*** Opening RECORDS TO USE ***

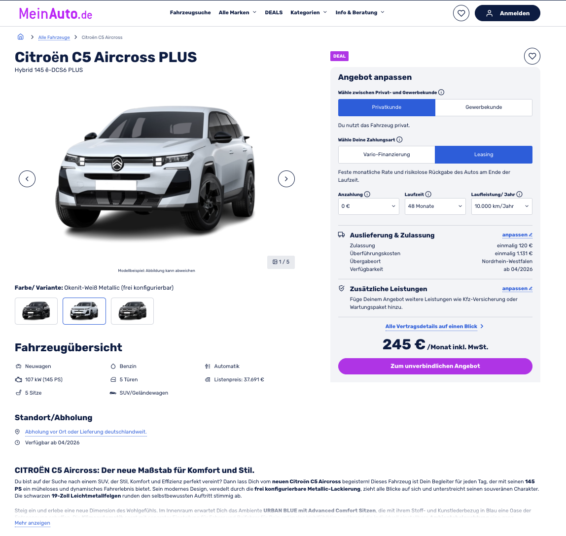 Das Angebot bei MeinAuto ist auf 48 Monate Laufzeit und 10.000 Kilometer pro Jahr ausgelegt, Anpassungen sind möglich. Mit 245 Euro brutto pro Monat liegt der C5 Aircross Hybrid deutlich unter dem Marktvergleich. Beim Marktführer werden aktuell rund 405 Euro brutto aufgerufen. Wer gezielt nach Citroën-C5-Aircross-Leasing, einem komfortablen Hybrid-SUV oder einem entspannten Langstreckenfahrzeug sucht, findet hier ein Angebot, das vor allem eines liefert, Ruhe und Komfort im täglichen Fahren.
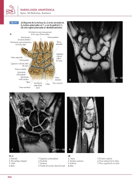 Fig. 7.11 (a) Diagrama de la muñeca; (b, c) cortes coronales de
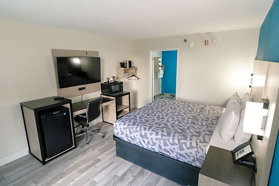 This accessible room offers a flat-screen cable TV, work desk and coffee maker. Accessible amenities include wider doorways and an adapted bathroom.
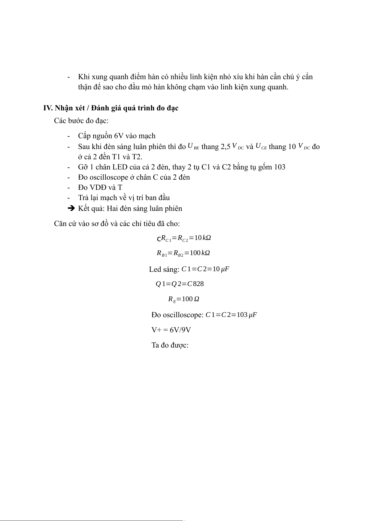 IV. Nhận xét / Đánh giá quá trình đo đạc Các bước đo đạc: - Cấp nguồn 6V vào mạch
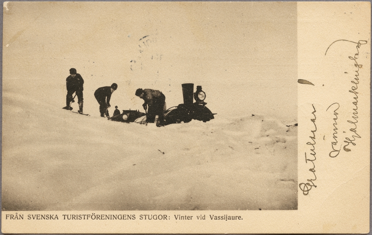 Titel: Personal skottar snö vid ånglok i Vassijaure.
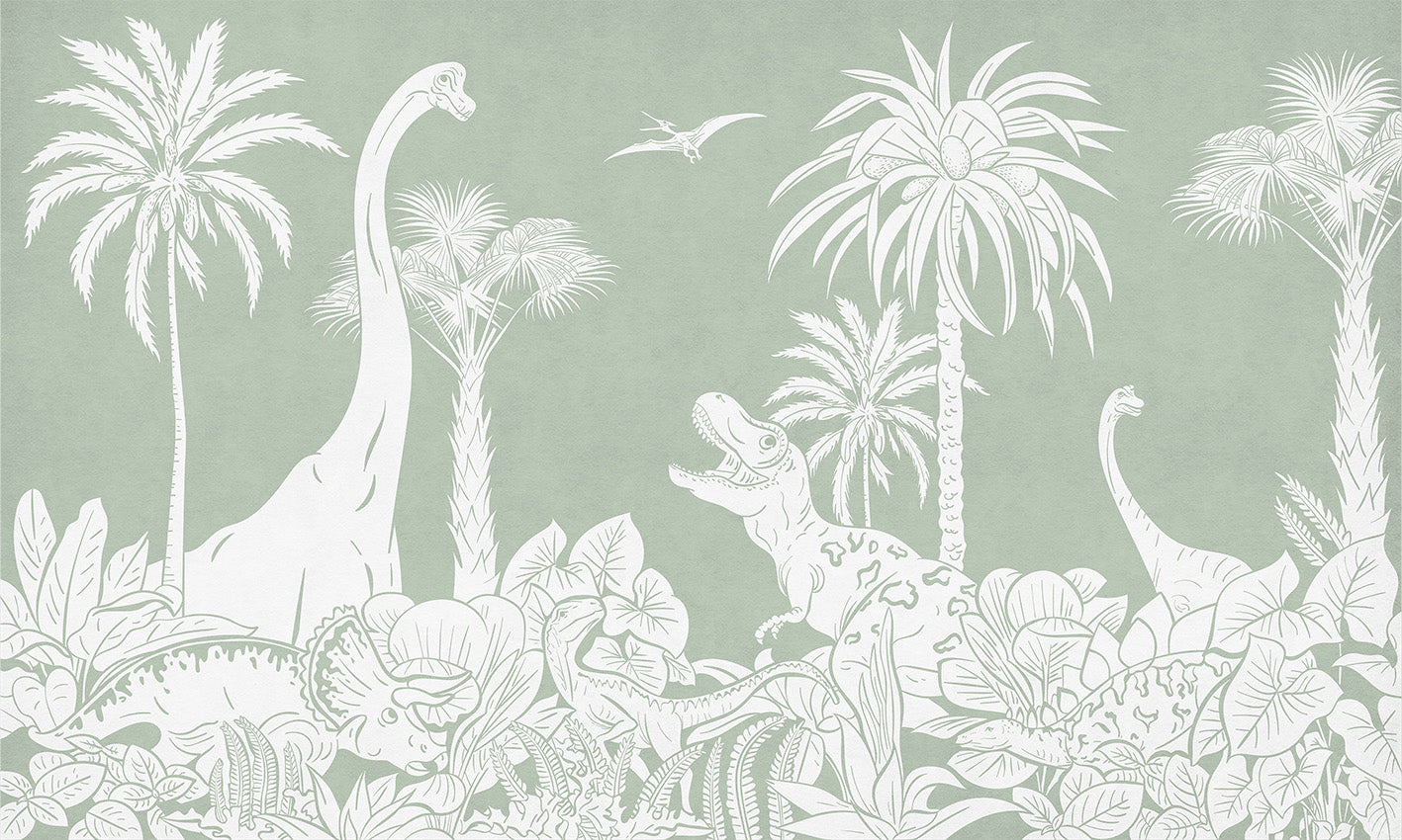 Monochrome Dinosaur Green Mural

*** Closing RECORDS TO USE ***

**WORK ORDER:** Could you please repeat the entries above exactly, with every picture left out?

**EXPECTED OUTPUT:**
 Das Angebot bei MeinAuto ist auf 48 Monate Laufzeit und 10.000 Kilometer pro Jahr ausgelegt, Anpassungen sind möglich. Mit 245 Euro brutto pro Monat liegt der C5 Aircross Hybrid deutlich unter dem Marktvergleich. Beim Marktführer werden aktuell rund 405 Euro brutto aufgerufen. Wer gezielt nach Citroën-C5-Aircross-Leasing, einem komfortablen Hybrid-SUV oder einem entspannten Langstreckenfahrzeug sucht, findet hier ein Angebot, das vor allem eines liefert, Ruhe und Komfort im täglichen Fahren.
 Fig. 7.11 (a) Diagrama de la muñeca; (b, c) cortes coronales de
 This accessible room offers a flat-screen cable TV, work desk and coffee maker. Accessible amenities include wider doorways and an adapted bathroom.
 IV. Nhận xét / Đánh giá quá trình đo đạc Các bước đo đạc: - Cấp nguồn 6V vào mạch
 Titel: Personal skottar snö vid ånglok i Vassijaure.
 Monochrome Dinosaur Green Mural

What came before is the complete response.